Generation and Disposition

POSIX specifies that, the signal disposition is the property of the (entire) process, whereas signal masks are the properties of threads. It's a guess of mine that, this is the compromise between:

  1. existing multi-process semantic, where signals are sent between processes, rather than sent specifically to certain threads with a process.

  2. existing practice with thread implementations, as well as their lack of commonality.

  3. compatibility with the POSIX Realtime extensions.

In Linux, there's the clone(2) system call where the sharing of signal disposition and related facilities can be customized. But the standard developers obviously don't yet see a need to include such capability in the standard, as it doesn't appear to achieve something that cannot be achieved with existing standard facilities.

The traditional way of catching signals, is through registering a callback that will be invoked when a signal is received. Most signals can be blocked with the use of signal masks. These closely resemble the underlying hardware where an interrupt vector is supplied to the interrupt controller, and some hardware traps can be masked in hardware-specific ways.

Another way of receiving signals is sigwait(2) functions from the POSIX Realtime extensions. The rationale from the standard says:

Existing programming practice on realtime systems uses the ability to pause waiting for a selected set of events and handle the first event that occurs in-line instead of in a signal-handling function. This allows applications to be written in an event-directed style similar to a state machine. This style of programming is useful for largescale transaction processing in which the overall throughput of an application and the ability to clearly track states are more important than the ability to minimize the response time of individual event handling.

The traditional kill(2) and killpg(2) system calls are used for generate signals for processes and group of processes. With threads, a new pthread_kill(3) is introduced. Other means of generating signals include asynchronous I/O notifications, sigqueue(2). Many are too from the POSIX Realtime extensions.

Async-Signal Safety

Async-signal safety is a confusing concept used both within the context of signal handling function, as well as fork(2) in multi-threaded applications. But it's nontheless easy to comprehend.

Async-signal safe functions is a set of functions prescribed by the standard as being able to be called without restriction from signal-catching functions.

The words "can be called from signal-catching function without restriction" does not explain how this list is prescribed, nor does it describe why they're safe to call after fork(2) and before exec, or in at-fork handlers.

In https://man7.org/linux/man-pages/man7/signal-safety.7.html an example based on the stdio library is given to illustrate the problem with unsafe functions.

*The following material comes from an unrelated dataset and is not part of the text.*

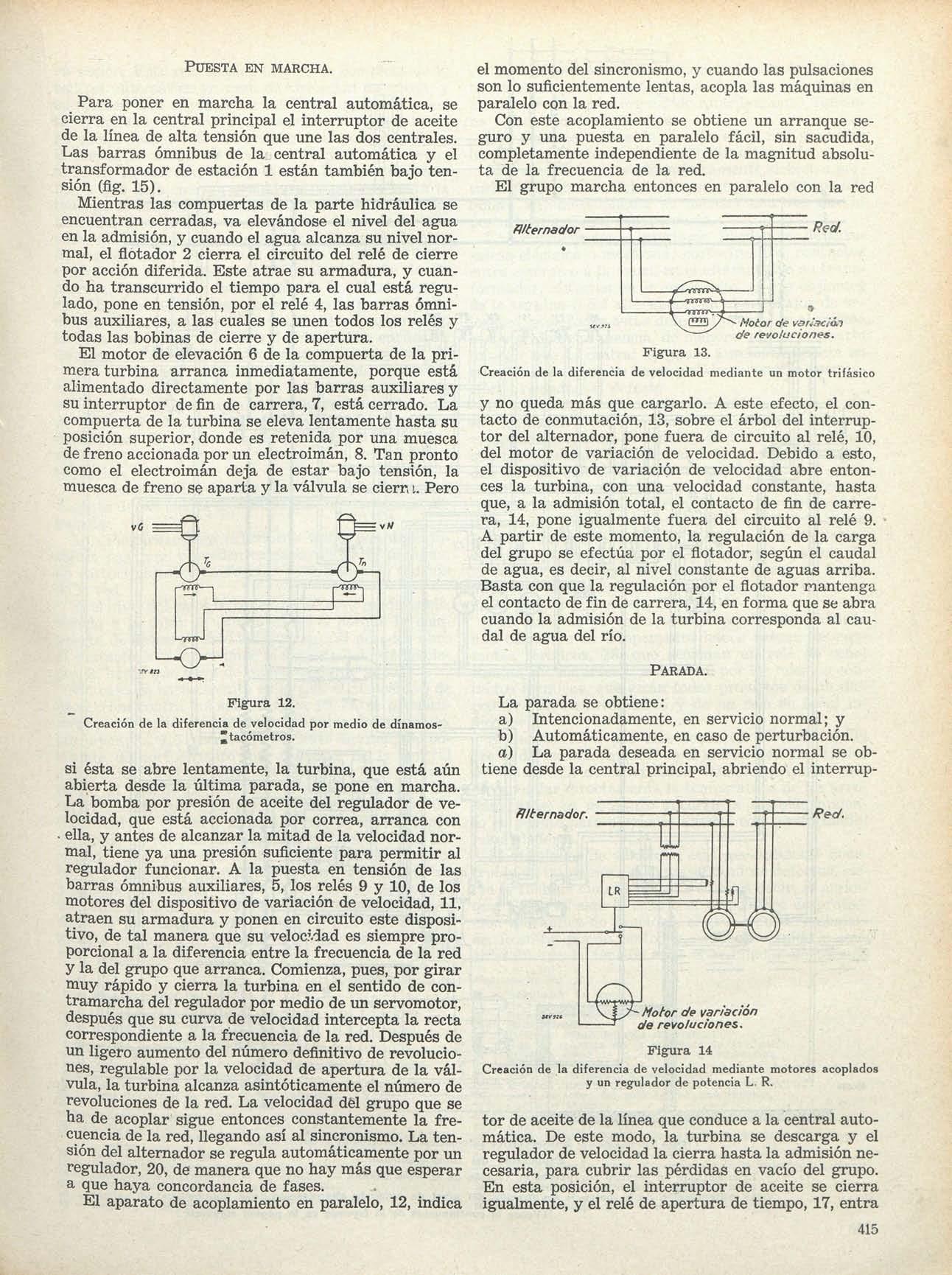 si ésta se abre lentamente, la turbina, que está aún abierta desde la última parada, se pone en marcha La bomba por presión de aceite delregulador de velocidad, que está accionada por correa, arranca con ella,yantesdealcanzarlamitad delavelocidad normal,tieneya una presión suficiente para permitir al regulador funcionar A la puesta en tensión de las barras ómnibus auxiliares, 5,losrelés 9y 10,de los motores deldispositivo devariación develocidad,11, atraen su armadura yponenencircuitoeste dispositivo,detal manera que su velocidad es siempre proporcional aladiferencia entrelafrecuencia dela red yladelgrupoquearranca Comienza,pues,por girar muy rápido y cierra laturbina en elsentido de contramarcha delreguladorpormediodeun servomotor, despuésquesucurva develocidadinterceptala recta correspondiente alafrecuencia delared Después de unligeroaumentodelnúmerodefinitivode revoluciones,regulable porlavelocidad deapertura dela válvula,laturbina alcanzaasintóticamente elnúmero de revoluciones delared La velocidad delgrupo que se ha de acoplar sigue entonces constantemente la frecuenciadelared,llegandoasíalsincronismo.La tensióndelalternadorseregulaautomáticamente por un regulador, 20,demanera quenohaymásque esperar a que haya concordancia de fases.

In essence, an stdio function that's updating a FILE* stream may be interrupted in such way that, leaves the state of the stream inconsistent and unusable, in such way that the behavior of a subsequent call on this stream will be undefined.

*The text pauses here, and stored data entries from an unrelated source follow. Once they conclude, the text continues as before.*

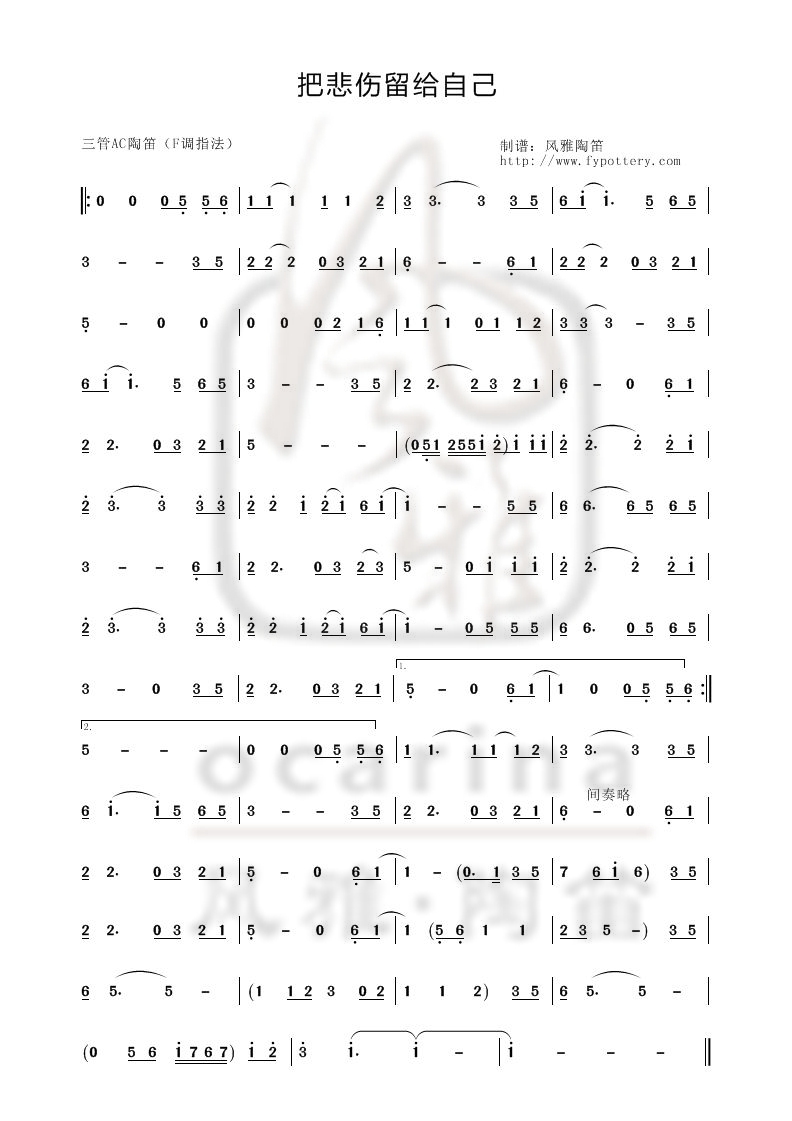 【把悲伤留给自己】曲谱
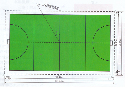 曲棍球場(chǎng)地四周設(shè)有無(wú)障礙區(qū),在障礙區(qū)域內(nèi)絕對(duì)不允許裝設(shè)燈桿,燈塔。無(wú)障礙區(qū)域最小為:距兩底線5m,距兩邊線4m。
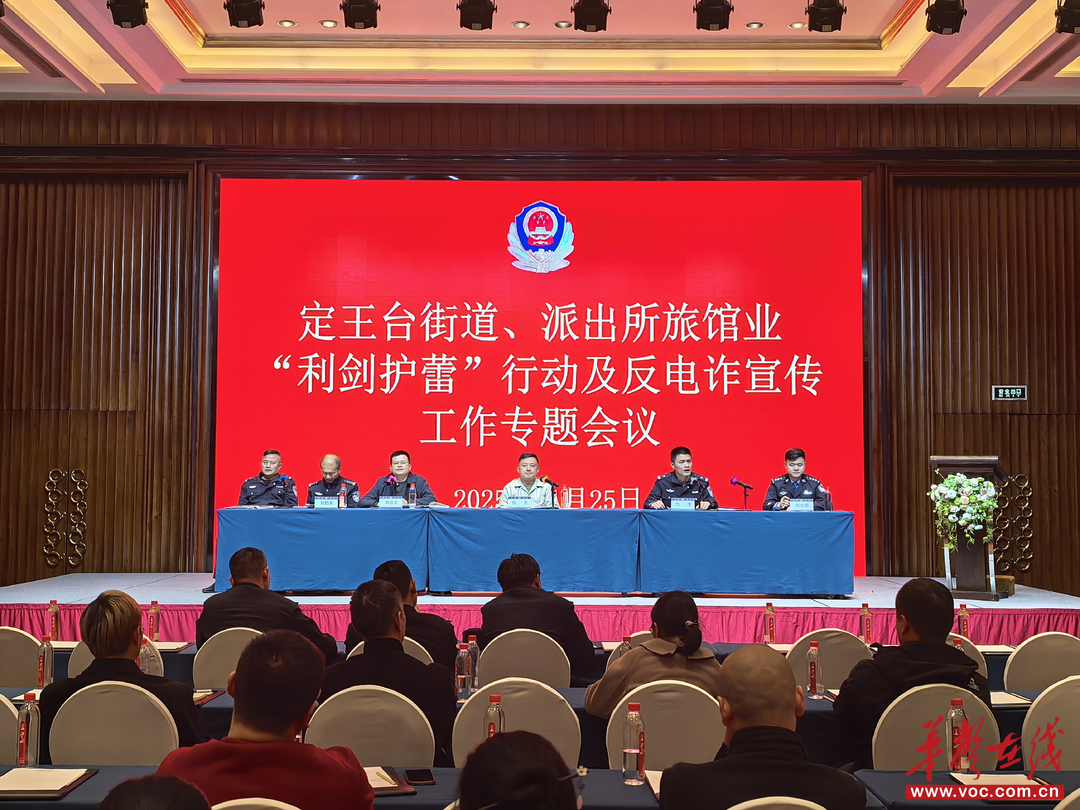 华声在线11月26日讯(通讯员 廖鑫菁)为深入推进“利剑护蕾”专项行动,筑牢电信网络诈骗防范屏障,切实保障未成年人合法权益与人民群众财产安全,11月25日,长沙市芙蓉区定王台街道在温德姆豪廷酒店会议室组织召开辖区宾馆酒店行业“利剑护蕾”暨反电诈工作专题会议。定王台街道党工委副书记、街道办事处主任何芳,定王台街道党工委副书记邓忠良,定王台派出所所长刘渊,定王台派出所副所长郝志明,长沙市公安局芙蓉分局治安管理大队副大队长刘四军出席会议。辖区内宾馆、酒店、民宿经营负责人等三百余人参会。
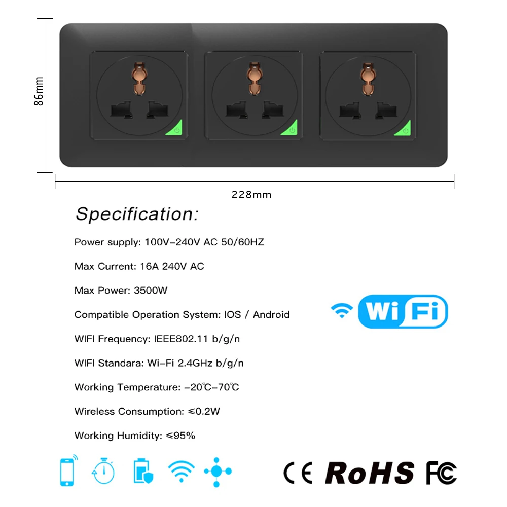 Универсальная умная настенная розетка с таймером и поддержкой Wi-Fi...

To see how this differs from thread safety:

  1. the "unsafe factors" within thread safety a) exists due to concurrent access to shared resources, and b) can be resolved through the use of synchronization objects such as mutexes.

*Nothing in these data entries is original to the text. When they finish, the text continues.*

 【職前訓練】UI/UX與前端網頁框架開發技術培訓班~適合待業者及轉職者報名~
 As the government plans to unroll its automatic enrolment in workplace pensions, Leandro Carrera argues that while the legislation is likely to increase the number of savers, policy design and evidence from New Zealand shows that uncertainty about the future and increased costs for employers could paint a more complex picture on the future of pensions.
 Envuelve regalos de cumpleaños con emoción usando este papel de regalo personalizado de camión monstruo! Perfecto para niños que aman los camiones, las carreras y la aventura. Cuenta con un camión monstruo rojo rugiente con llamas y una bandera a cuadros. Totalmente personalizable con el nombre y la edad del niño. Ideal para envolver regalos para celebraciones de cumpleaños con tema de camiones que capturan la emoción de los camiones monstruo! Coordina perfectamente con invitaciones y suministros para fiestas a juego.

  2. the "unsafe factors" within async-signal safety a) exists due to abrupt interruption during certain operations that alters some shared resource and b) cannot be resolved cleanly because the active codes (whether it's the signal-catching function, or post-fork setup routines, etc.) cannot reliably recover the inconsistent resource states.

Finally, the standard goes on to say this in the rationales volume:

The behavior of unsafe functions, as defined by this section, is undefined when they are called from (or after a longjmp() or siglongjmp() out of) signal-catching functions in certain circumstances. The behavior of async-signal-safe functions, as defined by this section, is as specified by POSIX.1, regardless of invocation from a signal-catching function. This is the only intended meaning of the statement that async-signal-safe functions may be used in signal-catching functions without restriction.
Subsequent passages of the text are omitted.